Forensic Reporting and E-Discovery
The Forensic Report
A forensic report documents the complete investigation for audiences who were not present during the technical work: legal counsel, executives, judges, regulators, and opposing counsel in litigation. The report must be reproducible — another forensic analyst following the same methodology should reach the same conclusions.
A complete forensic report contains four components:
- Summary: A non-technical executive summary describing what happened, what was found, and the significance of the findings. Written for decision-makers who may not have technical backgrounds. This is the section most audiences read first and sometimes exclusively.
- Detailed acquisition method: Precise documentation of every tool used, every setting applied, every evidence item collected, and every hash value computed.
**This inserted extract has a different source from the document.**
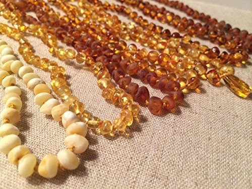 Responsive Customer Service, Fast Support, buy with confidence. US Based, Fast Shiping;Anti-inflammatory & Succinic Acid Immune Boosting Properties Imported from the Baltic and shipped from US. Same day shipment!;Baltic Amber Teething Necklace For Baby (Unisex) - Anti Flammatory, Drooling & Teething Pain Reduce Properties - Natural Certificated Oval Round Baroque Baltic Jewelry with the Highest Quality Guaranteed. Easy to Fasten with a Twist-in Screw Clasp Mothers Approved Remedies! Necklaces are approximately 12.5 inches for baby, Toddler, Big Kid, and bub.;Amber International Certified as well as sample tested locally. 100% Genuine Baltic Amber Teething Necklace, Therapeutic Quality, safety knotted amber bead for Baby, Babies, Bub, Toddler, & Big Kid. Anti-Inflammatory, Reduction of Drooling, Red Cheeks, Teething Pain. Highest Quality. Every necklace is knotted between each bead. The necklace comes with a safety screw clasp at the end.;Teething Necklaces are not for baby to chew on. The Amber releases microscopic amounts of oil, as it warms with the body's natural temperature, that is absorbed into the skin and bloodstream. Baltic Amber contains succinic acid (anti-fever, anti-inflammatory), the compound that gives Baltic Amber teething necklaces the therapeutic quality. Baltic amber is an organic substance, a

Another forensic analyst must be able to verify the work independently using this documentation.
- Findings and analysis: The technical evidence: artifacts found, timeline of events, attacker tools and techniques identified, files accessed, accounts used, data exfiltrated. Each finding is linked to the specific evidence item that supports it.
- Conclusion: What the findings collectively indicate about the incident: who likely did what, when, and how. Conclusions must be supported by the findings and must acknowledge uncertainty where evidence is incomplete.
E-Discovery
E-discovery (electronic discovery) is the process by which electronically stored information is collected, processed, reviewed, and produced in response to legal proceedings. E-discovery is a legal process, not a forensic investigation, though the two frequently operate simultaneously.
- Purpose: E-discovery gathers electronic documents (emails, spreadsheets, databases, instant messages, social media, metadata) that are relevant to litigation and must be disclosed to opposing parties under rules of civil procedure.
- Phases: Collection (identify and preserve relevant ESI) → Processing (filter, deduplicate, prepare for review) → Review (attorneys examine documents for relevance and privilege) → Production (provide relevant, non-privileged documents to opposing counsel).
- No analysis required: E-discovery does not require forensic analysis of how events occurred or who performed an action. It is about collecting and producing documents, not reconstructing attacks. This distinguishes it from digital forensics.
- Relationship to forensics: In a security incident involving litigation, forensics and e-discovery may occur simultaneously. Forensics reconstructs the attack; e-discovery collects documents for legal production. They use similar data sources but serve different purposes and are governed by different legal obligations.
| Characteristic | Digital Forensics | E-Discovery |
|---|---|---|
| Purpose | Reconstruct events; identify who did what and how | Collect and produce ESI for legal proceedings |
| Driven by | Security team, law enforcement | Legal counsel, litigation requirements |
| Requires analysis | Yes — artifacts examined, timeline built | No — documents collected and reviewed for relevance |
| Output | Forensic report with findings and conclusions | Document production to opposing counsel |
| Legal trigger | Security incident, law enforcement request | Litigation hold, court order, regulatory request |
Legal Considerations in Forensics
Forensic investigations intersect with legal requirements at multiple points. Evidence collected for use in criminal or civil proceedings must comply with applicable laws (Fourth Amendment search and seizure requirements in US law, privacy regulations in various jurisdictions). Evidence obtained without proper authorization may be inadmissible. Forensic investigators must understand the legal framework applicable to their investigation before collecting evidence — particularly when evidence involves employee personal data, communications, or data in cloud environments operated by third parties.